[Exercise goal]:
Copy the records below exactly, starting at the line that contains "Die Versandtaschen liegen" and ending at the line that contains "100,00 EUR |"; leave out any pictures.

[Input material]:
==================================================
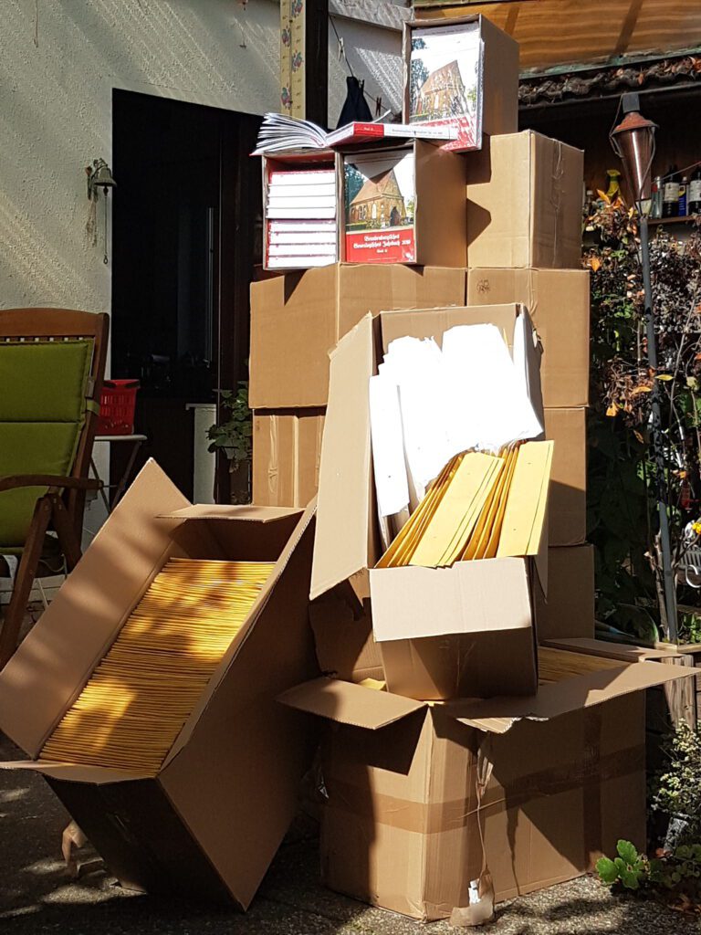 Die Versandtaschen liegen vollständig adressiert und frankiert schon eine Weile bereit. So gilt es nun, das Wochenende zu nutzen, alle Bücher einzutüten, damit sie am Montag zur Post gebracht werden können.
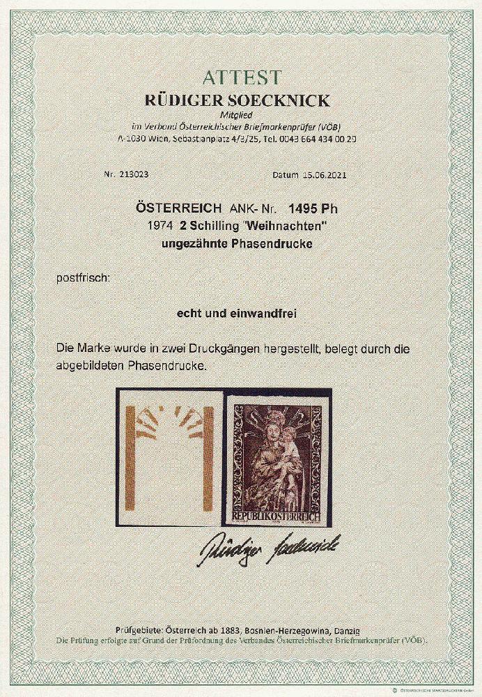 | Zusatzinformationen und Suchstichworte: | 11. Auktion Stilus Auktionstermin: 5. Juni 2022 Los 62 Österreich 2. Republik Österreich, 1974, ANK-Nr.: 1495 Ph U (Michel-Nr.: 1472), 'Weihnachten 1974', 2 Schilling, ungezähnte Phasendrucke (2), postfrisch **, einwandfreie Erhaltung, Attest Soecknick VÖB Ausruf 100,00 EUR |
==================================================
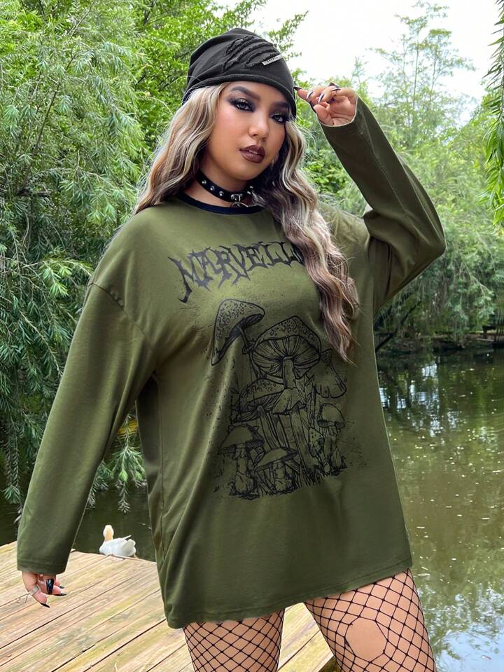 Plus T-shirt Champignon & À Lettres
==================================================
[Answer space]:
 Die Versandtaschen liegen vollständig adressiert und frankiert schon eine Weile bereit. So gilt es nun, das Wochenende zu nutzen, alle Bücher einzutüten, damit sie am Montag zur Post gebracht werden können.
 | Zusatzinformationen und Suchstichworte: | 11. Auktion Stilus Auktionstermin: 5. Juni 2022 Los 62 Österreich 2. Republik Österreich, 1974, ANK-Nr.: 1495 Ph U (Michel-Nr.: 1472), 'Weihnachten 1974', 2 Schilling, ungezähnte Phasendrucke (2), postfrisch **, einwandfreie Erhaltung, Attest Soecknick VÖB Ausruf 100,00 EUR |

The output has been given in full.